CAR T-cell therapy may overcome poor prognosis tied to conventional tiNHL therapies

A real-world study presented at ASH 2024 shows that CD19 chimeric antigen receptor (CAR) T-cell therapy is highly effective and has an acceptable toxicity profile for individuals with transformed indolent non-Hodgkin lymphoma (tiNHL).

“About 10–30 percent of iNHL patients undergo transformation to aggressive LBCL* (aLBCL). Prior studies have shown that tiNHL is associated with chemoresistance, worse disease control, and inferior overall survival (OS),” said study co-first author Dr Swetha Thiruvengadam from the City of Hope National Medical Center, Duarte, California, US.

There is no standard-of-care (SoC) treatment for this high-risk patient subset, and although CD19 CAR T has revolutionized the treatment landscape of aLBCL, tiNHL patients were largely underrepresented in prior pivotal trials, she noted.

The investigators retrospectively evaluated adults with relapsed/refractory aLBCL (DLBCL** [89 percent] and HGBCL***) – both de novo and transformed – who received SoC CD19 CAR T-cell therapy between 1 December 2017 and 31 October 2022. Of the 1,182 patients included, 884 (71 percent) had de novo aLBCL, while 338 (29 percent) had tiNHL. Most tiNHL cases transformed from follicular lymphoma (FL; 84 percent), followed by marginal zone lymphoma (12 percent) and Waldenstrom’s macroglobulinaemia (4 percent).

Overall, median age at infusion was 64 years and 36 percent were women. At the time of CAR T-cell therapy, 80 percent of patients had advanced disease (III–IV), 56 percent had elevated LDH^#, 40 percent had >1 site of extranodal disease, and 12 percent had bulky disease (≥10 cm). The most common CAR T used was axicabtagene ciloleucel (78 percent), followed by tisagenlecleucel (14 percent) and lisocabtagene maraleucel (9 percent).

Overall response rates were similar between the tiNHL and de novo arms (83 percent vs 81 percent; p=0.3), but complete response (CR) rate was significantly higher in the former vs the latter (67 percent vs 59 percent; p=0.017).

Median duration of response was comparable in both tiNHL and de novo arms (23.6 vs 20 months; p=0.28), as was median duration of CR (48.3 vs 36.3 months; p=0.81). [ASH 2024, abstract 524]

After a median follow-up of 13 months post-CAR among all patients, the tiNHL and de novo arms had similar 24-month progression-free survival (PFS; 40.6 percent vs 38 percent; p=0.16) and OS (57.6 percent vs 52 percent; p=0.15).

The cumulative incidence of non-relapse mortality was also comparable between the tiNHL and de novo arms at 12 (7.8 percent vs 7.5 percent) and 24 months (10 percent vs 11 percent) after CAR T infusion.

A trend towards a lower risk of disease progression, relapse, or death post-CAR was observed in the tiNHL vs de novo subgroup after adjusting for key baseline characteristics on multivariate analyses, but this failed to achieve statistical significance (adjusted hazard ratio [aHR], 0.84; p=0.07). However, in a separate post hoc analysis, the risk of disease progression or death was significantly lower in patients with transformed FL vs those with de novo disease (aHR, 0.81; p=0.049).

The regression model suggested that other factors tied to worse PFS are advanced disease stage prior to CAR T (aHR, 1.4), elevated LDH (aHR, 1.7), ≥3 prior lines of therapy (aHR, 1.2), bendamustine use within 12 months prior to CAR (aHR, 1.5), central nervous system involvement of aLBCL prior to CAR (aHR, 1.3), and receipt of bridging therapy (aHR, 1.4).
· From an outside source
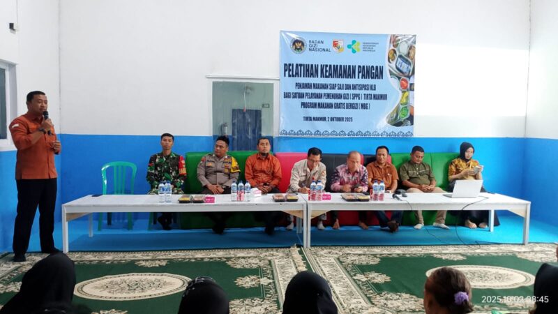 TUBABA – Lampung Dinas Kesehatan Kabupaten Tulang Bawang Barat (Tubaba), Provinsi Lampung memberikan pelatihan keamanan pangan kepada para pengelola dan penjamah makanan di Satuan Pelayanan Pemenuhan Gizi (SPPG) Tirta Makmur sebagai langkah menjaga kualitas program Makan Bergizi Gratis (MBG).

Compared with the de novo arm, the tiNHL arm had similar incidences of grade ≥3 CRS^## (7 percent vs 8 percent; p=0.6) and CAR T toxicity-related ICU stay within the first 30 days (12 percent vs 14 percent; p=0.2), and lower rates of grade ≥3 ICANS^### (21 percent vs 27 percent; p=0.024), tocilizumab use for CRS (50 percent vs 61 percent; p<0.001), and glucocorticoid use for ICANS (36 percent vs 44 percent; p=0.01).

“Our study suggests that CD19 CAR T is highly effective and safe for tiNHL with potentially higher CR rates, lower progression risk, comparable CRS, and lower incidence of ICANS compared with de novo aLBCL,” Thiruvengadam said. “[The findings imply that] CAR may be able to overcome the historically poor prognosis associated with conventional therapies for tiNHL.”